A Dangerous Lull

Sunday, July 14, 2002; Page B06

ON MONDAY, three weeks will have passed since President Bush presented his latest ideas for resolving the Israeli-Palestinian conflict. On the surface, little has happened since then, either on the ground or in diplomacy. That is good news, in part: With Israeli troops occupying most Palestinian towns and enforcing tight restrictions on movement, there have been no suicide bombings or other major incidents of violence in Israel or the Palestinian territories. But it is also worrisome. Behind the scenes, American, European, Russian and U.N. officials have quietly been seeking to flesh out plans for overhauling the Palestinian Authority, the starting point spelled out by Mr. Bush for launching a new peace process. But the work has been slow; only on Tuesday are the discussions due to reach the level of Secretary of State Colin Powell. The bottom line is that the practical road map for taking action that was so conspicuously missing from Mr. Bush's speech has yet to appear.

That there is so little movement is highly dangerous, because it risks the breakdown of the nascent homegrown Palestinian reform movement and a new explosion of violence.
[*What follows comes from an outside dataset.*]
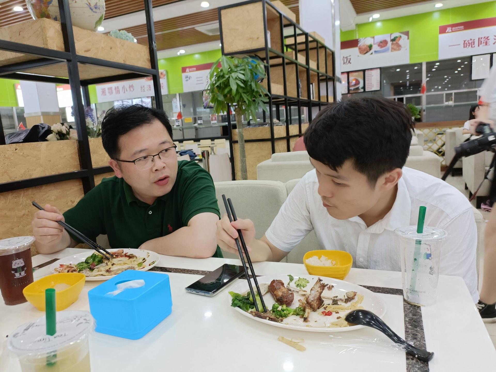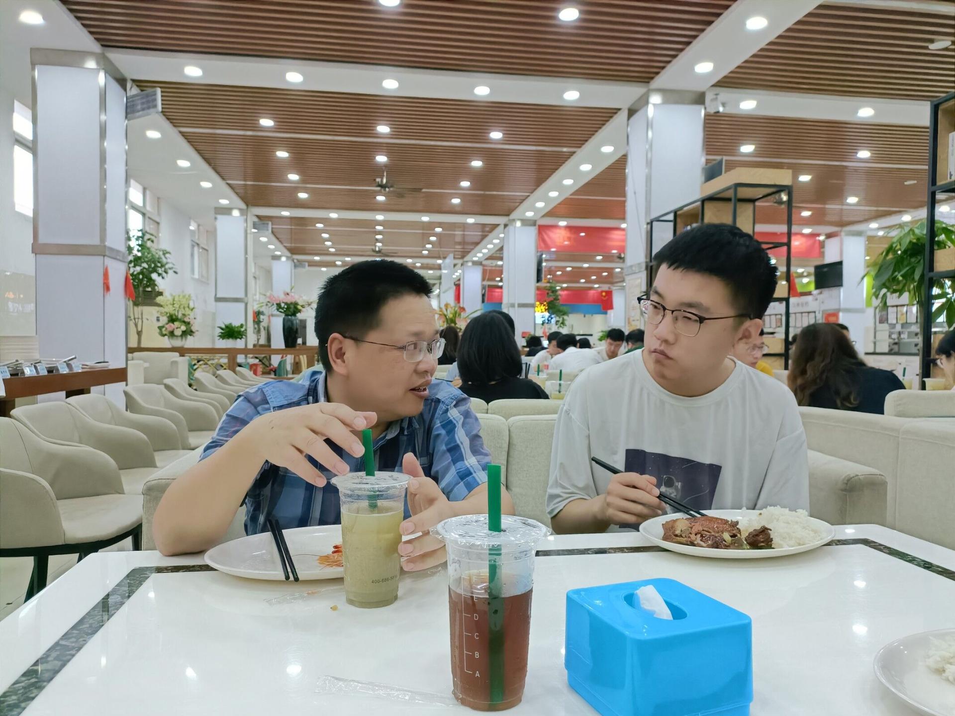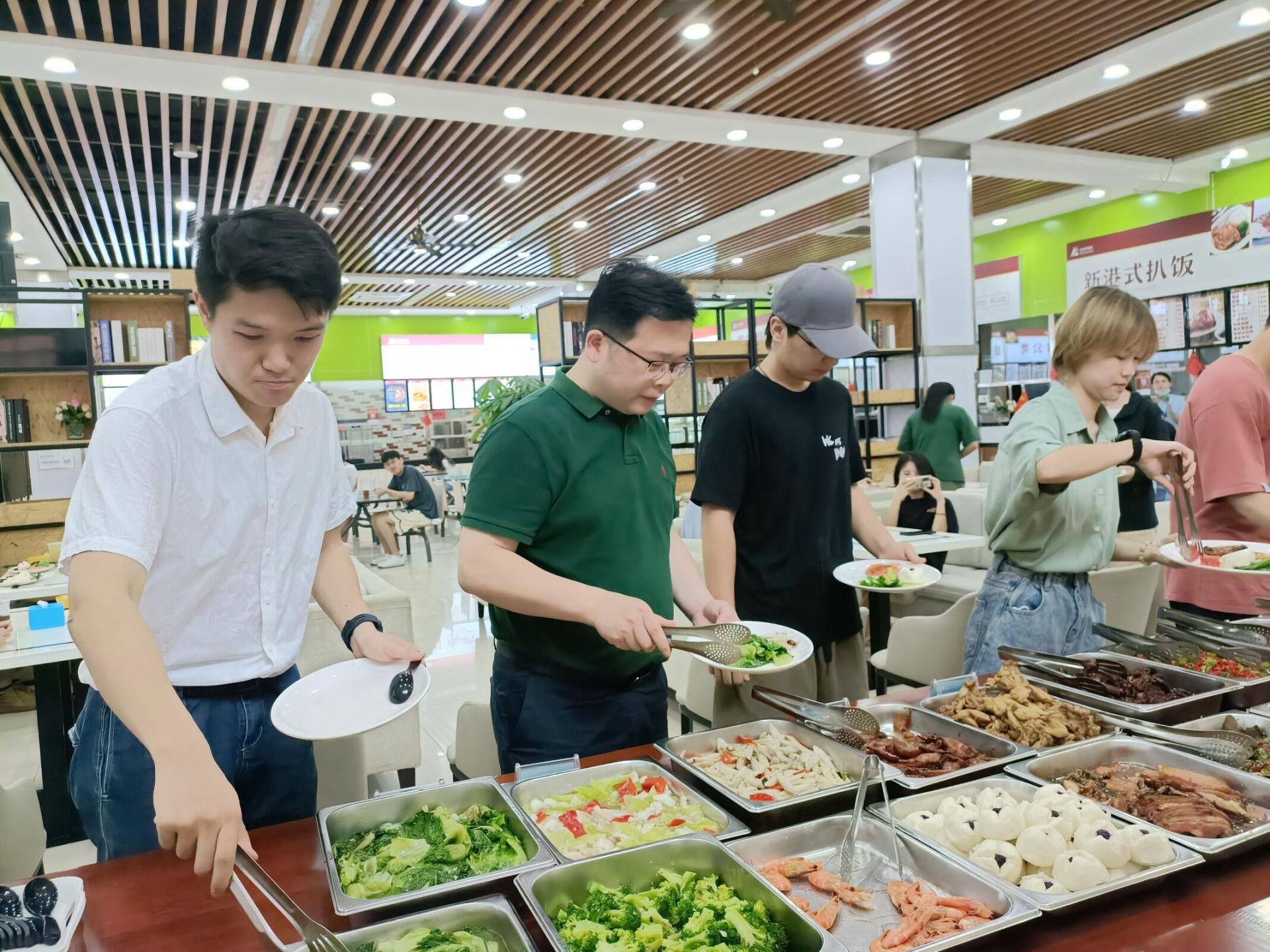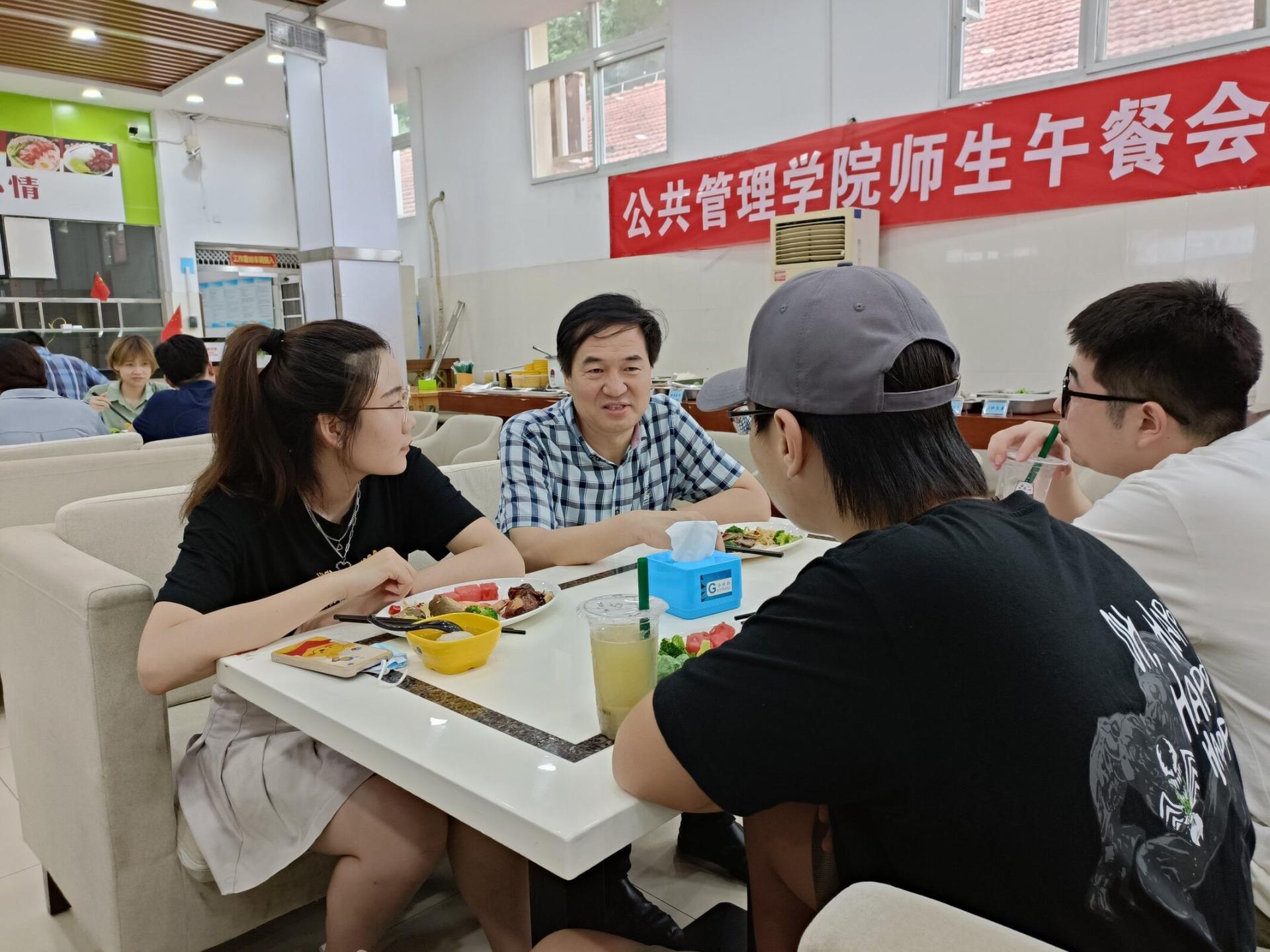 为进一步促进师生交流,贯彻落实《党员干部下基层察民情解民忧暖民心活动实施方案》,公司于6月24日中午在北区食堂二楼举办太阳成集团tyc234cc主页师生午餐会。公司党委书记张宽裕,经理胡守庚,副经理龚健、王忠、朱江洪,党委副书记龚丽,土地资源管理系方世明、周学武,法学系胡中华,公司综合办公室彭珂、李继杰等老师,学工组全体辅导员及各系本、硕、博员工代表参加本次午餐会。午餐会饭菜由北区饮食服务中心提供。

It also offers ammunition to those, including many in the Arab world, who saw in the president's speech not a serious commitment to brokering Middle East peace but a thin and one-sided artifice that abruptly stopped at the points that would have required tough or politically difficult calls. In particular, the administration's spokespeople still have not made clear how they intend to promote the democratic selection of a new Palestinian leadership while simultaneously ensuring that Yasser Arafat -- the probable winner of any straightforward presidential election -- is not a part of it. Nor is it clear how Palestinians who favor compromise and an end to violence can emerge through such an electoral process if no signs of compromise or moderation are forthcoming from Israel.

Others are throwing out some potentially useful ideas. A variety of voices, ranging from German Foreign Minister Joschka Fischer to Palestinian pollster Khalil Shikaki, are suggesting that the Arafat problem be finessed through the appointment or eventual election of a Palestinian prime minister, who would exercise power while Mr. Arafat remained as a figurehead. Some suggest that an international consortium, led by the United States, be created to oversee a detailed program for constructing a new and accountable Palestinian authority. And almost everywhere outside the Bush administration, the point is made that Israel must advance the process with good faith measures of its own. A plan for ending the military reoccupation of West Bank towns is essential if Palestinians are to resume self-rule. Even more important are measures that demonstrate an Israeli acceptance of Mr. Bush's goal of creating a Palestinian state alongside Israel -- starting with a freeze on Jewish settlements in the West Bank and Gaza.

Israeli Prime Minister Ariel Sharon rejects a settlement freeze and most other confidence-building measures; he has resisted the administration's modest request that he release hundreds of millions of dollars in Palestinian tax revenue confiscated by Israel. His ministers are devoting themselves to destroying potential alternatives to Mr. Arafat; one went out of his way this week to shut down the office of Sari Nusseibeh, who has led the Palestinian reaction against suicide bombing. Mr. Sharon's intransigence stems from the simple fact that he and most of his government strongly oppose the U.S. goal of creating a viable Palestinian state in the next several years; they no more favor Mr. Bush's long-term ideas than does Mr. Arafat. Mr. Bush has been harsh with the prostrate and friendless Palestinian, who certainly deserves no better; but he has also been meticulous in ignoring the other side of the problem. To acknowledge differences with Mr. Sharon, of course, would not be easy; it might incur tension with conservative Republicans or Congress. Mr. Bush so far seems willing to push only those parts of a Middle East initiative that avoid such costs. That may help to explain why so little has happened since his speech.